July 30, 2009

Annals of No One Cares But Me: Big pixel drivers

During the late 1980s and early 1990s, I had a peculiar interest in two topics just about no one should or does care about: Drivers for unexpected output devices, and bigpixels. These interests were piqued by my place of employment. I worked at Interleaf, an early innovator in electronic publishing. Back in the day, we had to write our own drivers for the rare and expensive high-resolution printers able to show off the high-res, proportionally printed, typeset-quality, text ‘n’ graphic output our software was able to create. So, I naturally used to care about odd output devices — e.g., eventually our software was used to print low-res codes on soda cans — and output composed of huge pixels.

Therefore, I was delighted to read in the Boston Globe about Artaic, a company that uses a computer to translate images into robotically-created mosaics. It’s got it all: An unusual output device that uses macro-scale pixels.


July 25, 2009

AP to digitally monitor copyright

The AP has announced it is going to use an automated system to monitor the use of AP content on the Web, looking for copyright violations. The empire is fighting back. From the press release:

The Associated Press Board of Directors today directed The Associated Press to create a news registry that will tag and track all AP content online to assure compliance with terms of use. The system will register key identifying information about each piece of content that AP distributes as well as the terms of use of that content, and employ a built-in beacon to notify AP about how the content is used.
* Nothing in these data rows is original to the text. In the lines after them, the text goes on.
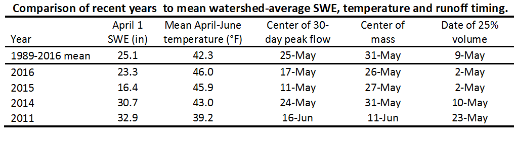 The following table focuses in on notable years in the recent past. Watershed-averaged runoff in 2015 and 2016 was earlier than average by all measures Compare those two years with 2014, when runoff timing, temperature, and SWE were all very close to average. The last big water year we had was 2011, which had late runoff as a result of high snowpack and cool temperatures.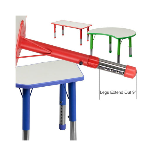 21.875''W x 26.625''L Rectangular Red Plastic Height Adjustable Activity Table with Gray Top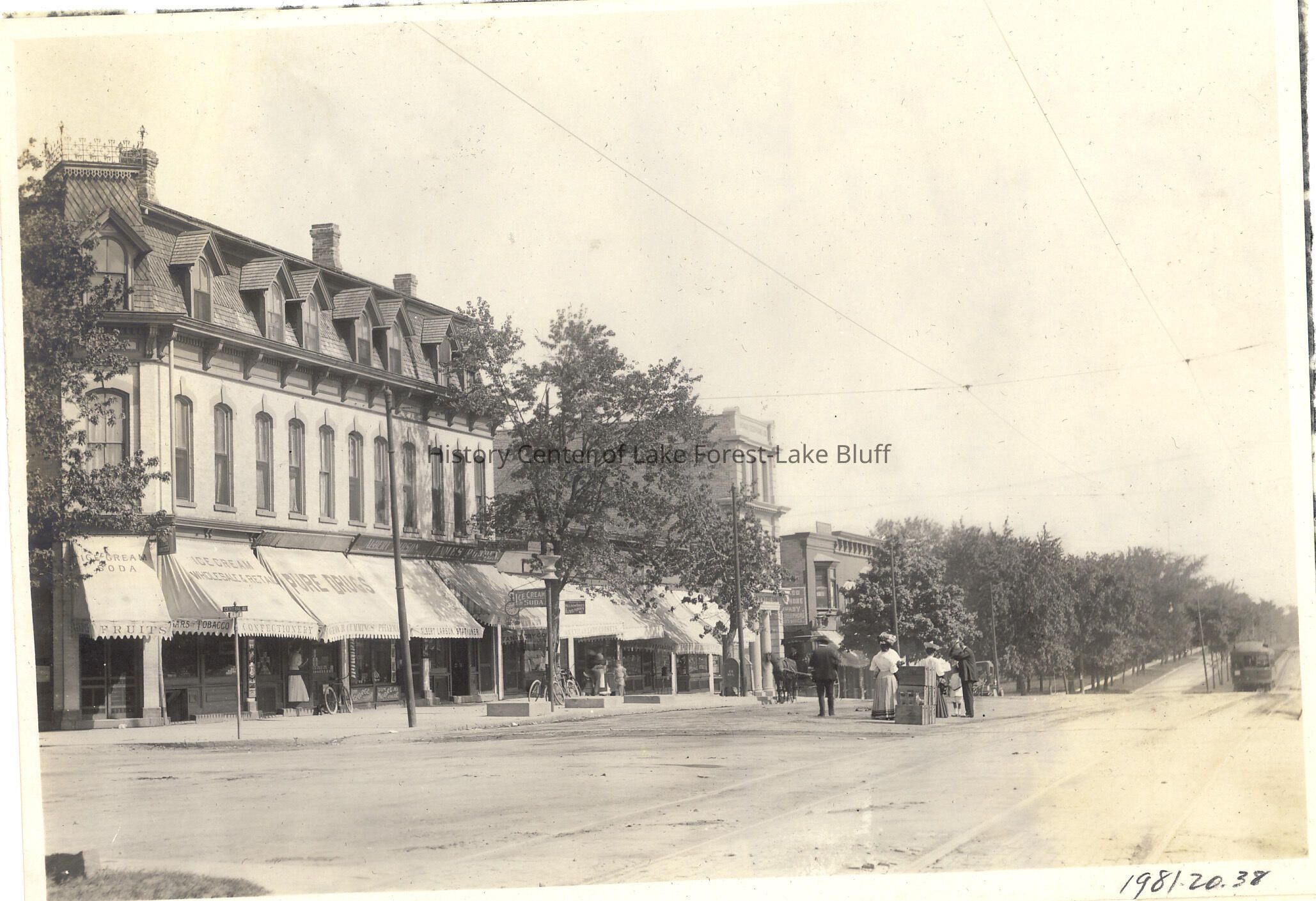 Highland Park looking south on St. Johns Avenue from Central Street. Tall narrow south building built by Illinois Bell Telephone. trolley car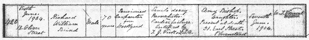 | 1904 | Richard W Brind | Age 70 | St Margarets | Residence 18 Olive Street |
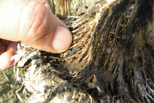 A hamuszürke hervadás (Macrophomina phaseolina) előfordulása, kártétele meleg időben, forró, száraz évjáratok esetében jelentős. Megjelenését követően a szár gyökérnyaki részén hamuszürke folt jelentkezik. A fertőzött növények kis méretű tányérokat növesztenek. A szár belsejében rengeteg mikroszklerócium képződik, amelyek segítségével a kórokozó sikeresen át is telel.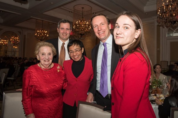 Секретарь Мадлен Олбрайт, доктор Фил Ховард, Мария Ресса, сенатор Крис Мерфи и Марго Гонтар (Stopfake.org) на ужине по случаю вручения премии NDI 2017 Democracy Award в Вашингтоне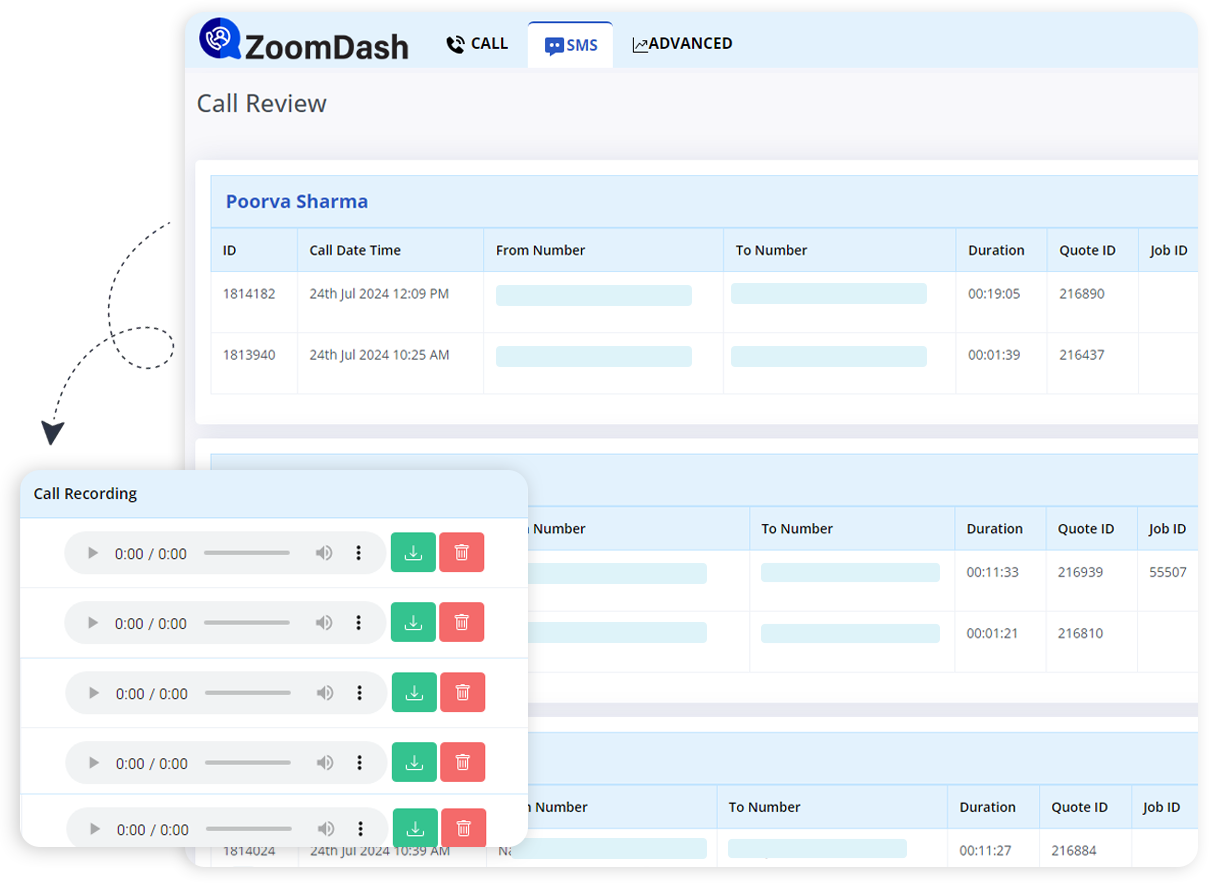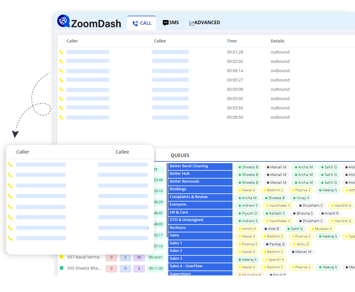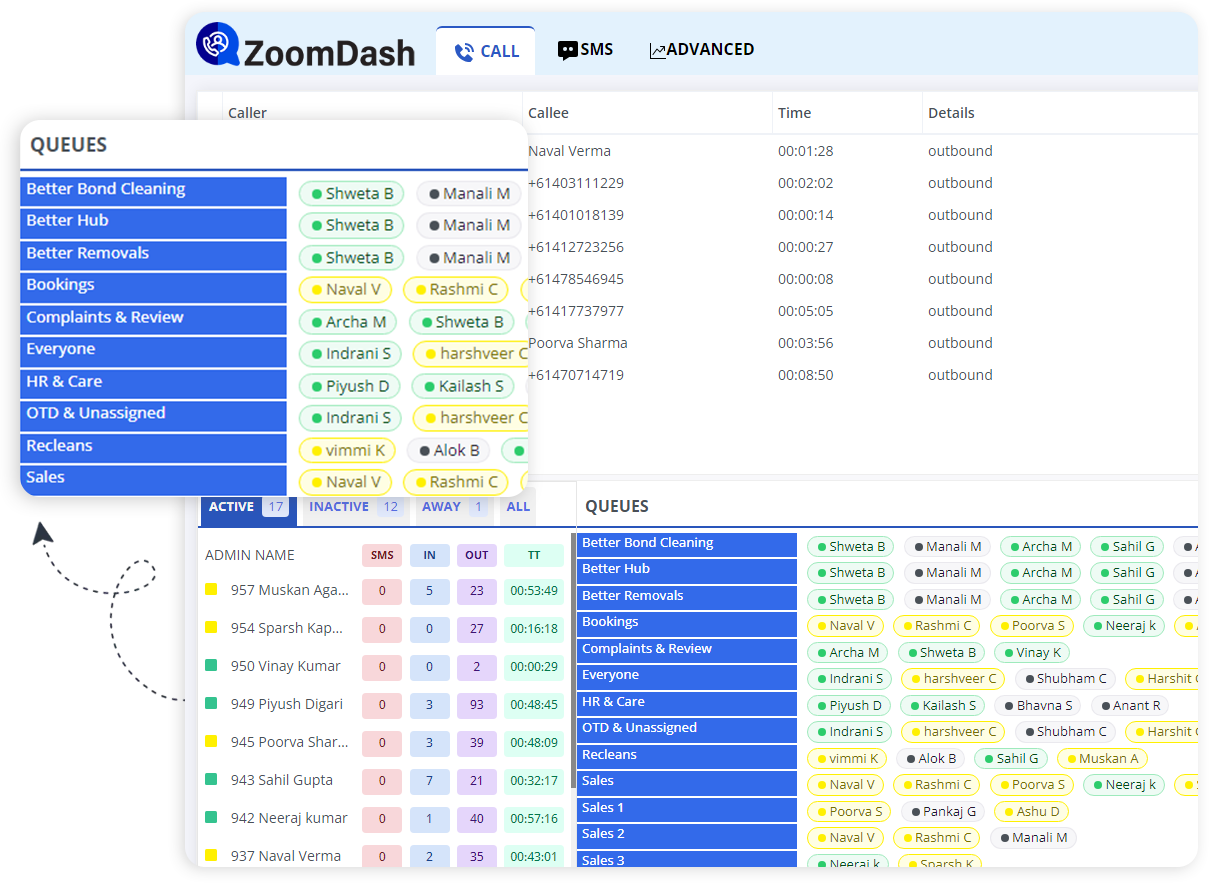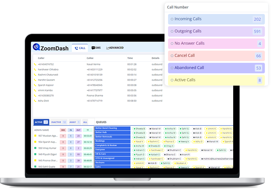 ZoomDash helps keep managers in the loop by providing access to real-time active calls with details of the callers and clients on the dashboard.

I think there are three possible broad-stroke outcomes:

1. The AP takes an enlightened and generous view of copyright protection and its terms of use, encouraging people to link to and cite its stories, and saving its angry face for commercial thieves, wholesale infringers, and other scum. The AP remains a major source of news, fulfills the social mission of the newspapers who are its members, and our culture is better off for it.

2. The AP’s automated system is set on a hair trigger. The AP protects its copyright so well that no one ever hears from it again.

3. The AP acts inconsistently. It sends scary letters to teenagers who copy three paragraphs about the Jonas Brothers and sics lawyers on a professor teaching a course on media studies. No one understands what the AP is doing, so we all get scared and hate it.

To start with, it’d be great if the AP’s copyright warnings didn’t just tell people what they can’t do, but also told them what they can do, and encouraged us to re-use the material as much as possible. On the other hand, since one of the aims of the new system (according to the press release) is to facilitate the use of pay walls, I expect we’ll see more of the AP’s content making itself irrelevant.

July 23, 2009

Accountable bloggers and journalists

[Note 1.5 hrs after posting this: Ethan Zuckerman has just put up a superb post on this topic. I suggest you read that instead of this.]

Jillian York of the Berkman Center explains the current confusion about the NY Times’ rather casual suggestion (in a blog post) , based on an accusation in a tweet from Omid Habibinia, that Hossein Derakhshan (aka Hoder) has been an agent for the Iranian government, basically ratting out pro-democracy bloggers. The NY Times has now gone meta on the accusation, saying it only reported it because it’s a sign of the discord and distrust, etc., etc. But it’s still a dangerous charge to propagate. Jillian wants to know why we’re blaming the NY Times blogger and not Habibinia.

I’ve got enough blame in my backpack for both. But I do think that since the NY Times trades on its credibility, it has a greater responsibility. When the NY Times reports a rumor, it not only amplifies the rumor, it inevitably adds credibility to it. That’s just the way it is, and, it’s also how the NY Times wants it.

(I wish I could track down the article I read today about the difficult the human brain has in unlearning bad info even after it’s been shown to be bad. The article talked about the increase in the belief that Iraq had WMDs after it was shown that it did not.)

July 22, 2009

My PDF talk on facts ‘n’ transparency

Link. (The video embeds my slides, but (1) they get more and more out of order in this YouTube; they were in the right order when I actually presented them. 2. My font got lost somewhere in the translations, and so there’s a fair bit of mis-sizing, text overflows, etc.) (I posted about one of the ideas in the talk (transparency as the new objectivity) here.)

July 18, 2009

When there’s no such thing as the best

I posted my post about the Sotomayor hearings over at Huffington, where I got a grand total of two comments. The second one raised an interesting point. (The first one was funny.)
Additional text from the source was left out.